This humble fall fruit, harvested in Canada, the northern US, Europe, and Asia packs a big nutritional punch! Cranberries are delicious, but they are only available for a couple of months a year. If you want to enjoy them all year long, you have to stock up while they are available. I know… you can get them all year long if you are willing to pay almost $5 for a small bag, but that’s just too much! So last year, I froze twelve extra bags and yes, I'm now finishing the last one. Cranberries, which are native to North America and grow in marshes and sandy bogs, which are flooded to make the harvest easier. They were served at the first celebration of the landing of the Pilgrims in 1796 and have been part of our Thanksgiving (and Christmas) celebrations ever since.

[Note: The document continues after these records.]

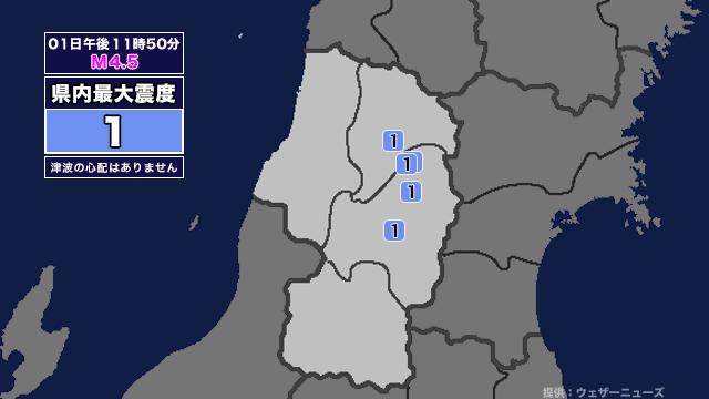 【地震】山形県内で震度1 宮城県沖を震源とする最大震度3の地震が発生 津波の心配なし 10/ 1
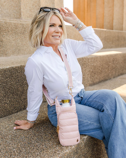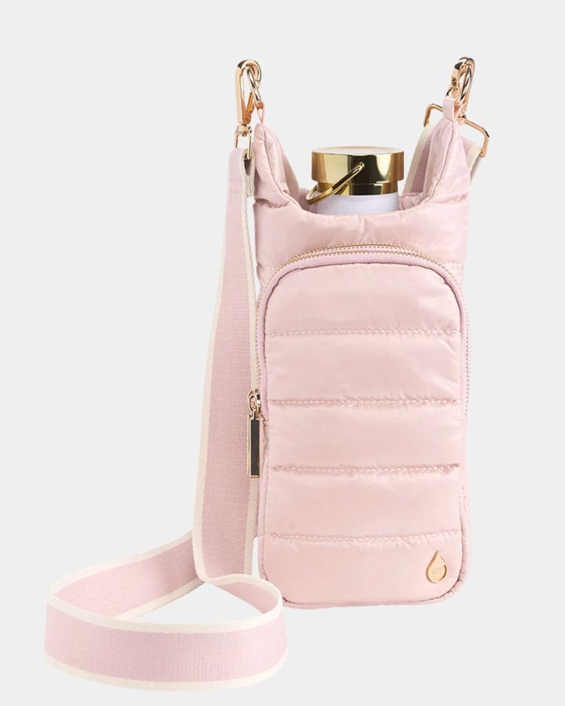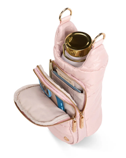 Meet your new travel buddy! This Blush/Ivory HydroBag keeps your phone, passport, cards, and AirPods secure in dual zippered pockets, while the waterproof compartment holds bottles up to 3.5 inches wide. Perfect for festivals, hikes, airport runs, or any adventure where you need hands-free hydration and organized essentials.
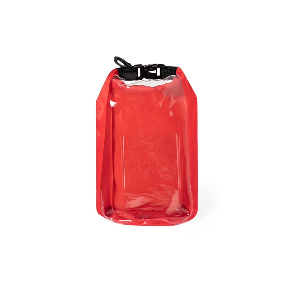 Waterproof bag with 2l capacity, including tactile, transparent window for smartphone. Made in resistant ripstop, with security lock, handle with buckle adjustment, and carabiner. Available in a variety of bright colours.
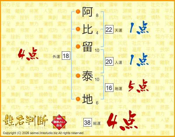 阿(8画)比(4画)留(10画) 泰(10画)地(6画)
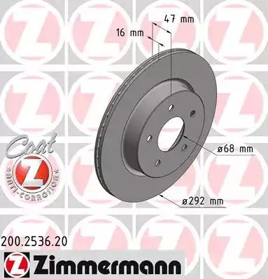 200.2536.20 ZIMMERMANN Диск тормозной NISSAN X-Trail (T32R) (14-) (2.0/2.5) задний (1шт.) ZIMMERMANN
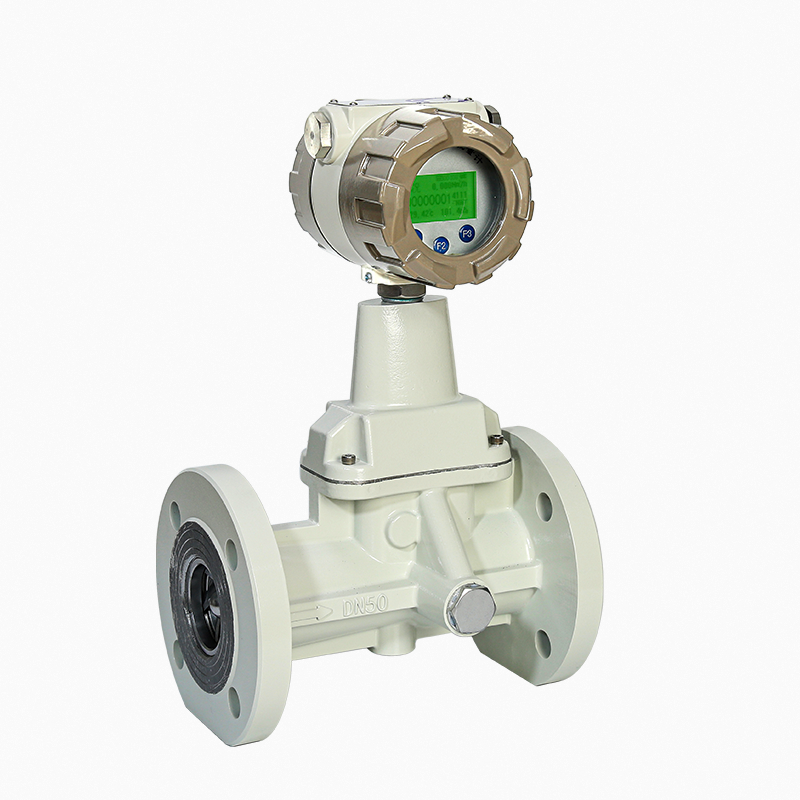 流量傳感器的流通剖面類似文丘利管的型線,在入口側(cè)安放一組螺旋型導(dǎo)流葉片,當(dāng)流體進(jìn)入流量傳感器時,導(dǎo)流葉片迫使流體產(chǎn)生劇烈的旋渦流。當(dāng)流體進(jìn)入擴(kuò)散段時,旋渦流受到回流的作用,開始作二次旋轉(zhuǎn),形成陀螺式的渦流進(jìn)動現(xiàn)象。該進(jìn)動頻率與流量大小成正比,不受流體物理性質(zhì)和密度的影響,檢測元件測得流體二次旋轉(zhuǎn)進(jìn)動頻率就能在較寬的流量范圍內(nèi)獲得良好的線性度。信號經(jīng)前置放大器放大、濾波、轉(zhuǎn)換為與流速成正比的脈沖信號,然后再與溫度、壓力等檢測信號一起被送往微處理器進(jìn)行積算處理,液晶顯示屏上顯示出測量結(jié)果(瞬時流量、累積流量及溫度、壓力數(shù)據(jù))。產(chǎn)品特點(diǎn)
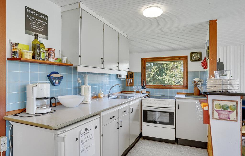 Grote ramen laten veel licht in het huis en bieden een prachtig uitzicht op het buitenleven. Ook de inrichting benadrukt de lichte en vriendelijke uitstraling van het vakantiehuis. De keuken staat in open verbinding met de woonkamer. Maak het u samen comfortabel op de banken na een dag vol avonturen en geniet van de gezellige warmte van de open haard.
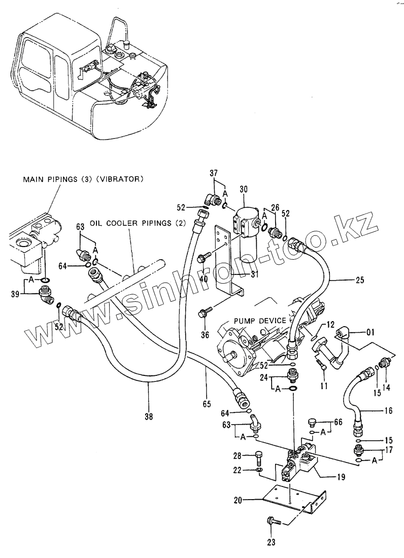Каталог запасных частей к технике: Hitachi EX-60-2. Main Pipings (2) (Vibrator)

Cranberries are very low in calories, a very good source of dietary fiber, Vitamin C and manganese, as well as a good source of Vitamin E and K. They are also a rich source of phytonutrients, including phenolic acids (i.e. benzoic, hydroxycinnamic & ellagic acids) and flavonoids (i.e. anthocyanins, flavonols & flavan-3-ols).

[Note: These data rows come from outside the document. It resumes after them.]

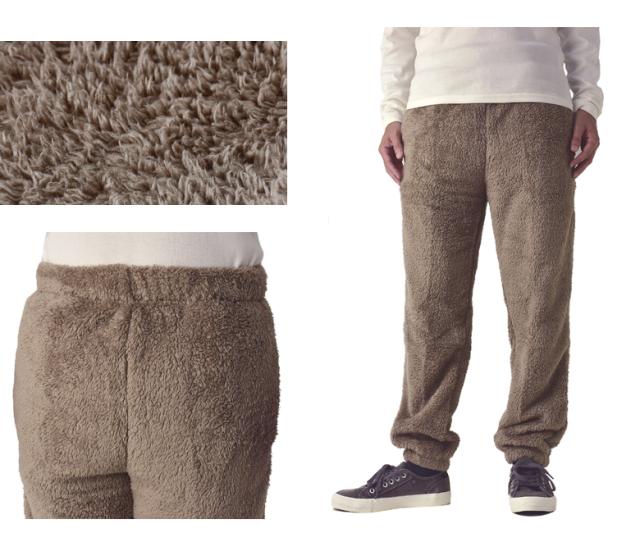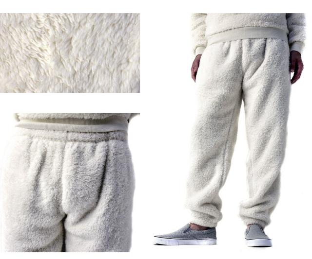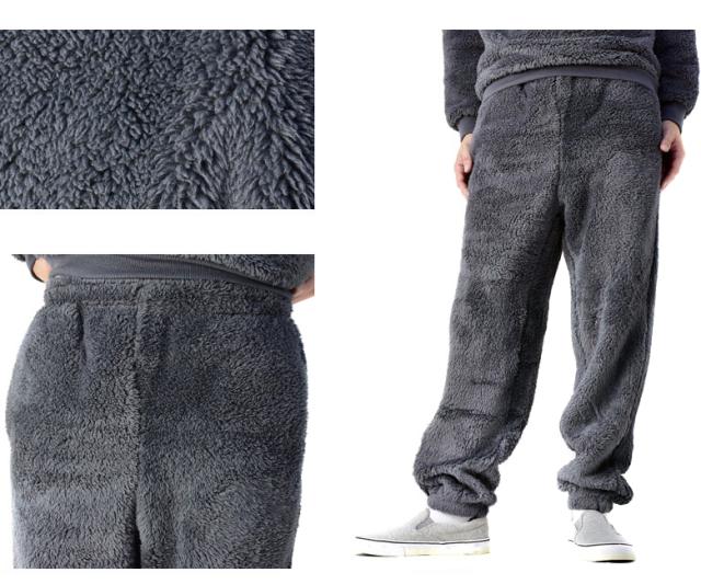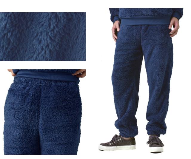 表側も内側も、長い毛足のボアフリースを使用した、ボアフリースイージーパンツです。
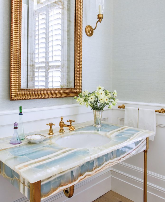 While the home in general is not an open plan, the living room and dining room are connected to establish a large gathering space for family and friends. Durable indoor/outdoor fabrics on the white sofas and chairs were a must, while the owners’ existing art collection influenced some of the color selections. “We knew the owners’ art would be part of the design,” Stokes says. “We kept it in mind when selecting fabrics and paint colors.”
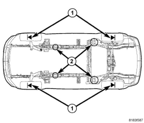 CAUTION: When lifting a Caliber SRT 4 vehicle on a hoist it may be necessary to use 55 mm lift arm spacers to clear the SRT 4 ground effect components. Failure to lift the SRT 4 correctly may result in ground effect component damage.

The polyphenols (a class of phytonutrients) found in cranberries, may reduce the risk of heart disease by inhibiting platelet clumping, reducing blood pressure, and their anti-inflammatory effect.

Cranberries can also slow tumor progression and have shown beneficial effects against prostate, liver, ovarian, breast, and colon cancer.

Cranberries have been shown to decrease adherence of bacteria to the bladder wall, thereby helping prevent urinary tract infections (UTIs), especially recurrent ones. However, it takes a very large concentration of the fruit (total cranberry extract) for this effect to work. The antioxidant levels in commercial cranberry juice don’t come close.

Cranberries inhibit the adherence of bacteria in the mouth in a similar way, thereby helping to prevent gum disease.

Eat the whole fresh or frozen fruit when you can. Adding fresh cranberries to oatmeal, especially steel cut oats made in the crockpot, results in a lovely tart “pop” when you bite into them. Try fresh cranberry-orange relish, add them to smoothies, baked apple dishes, or savory dishes, such as stuffing. Be careful of dried cranberries, which are high in added sugar and usually contain oil.

So, forget commercial cranberry juice, which is also high in added sugar (or high fructose corn syrup), and is so processed that all the fiber and many of the beneficial phytonutrients have been removed. With a blender, some fresh or frozen cranberries, and some dates or erythritol, you can make your own, MUCH healthier juice.

Note: If you take warfarin or Coumadin, please check with your doctor before enjoying cranberries.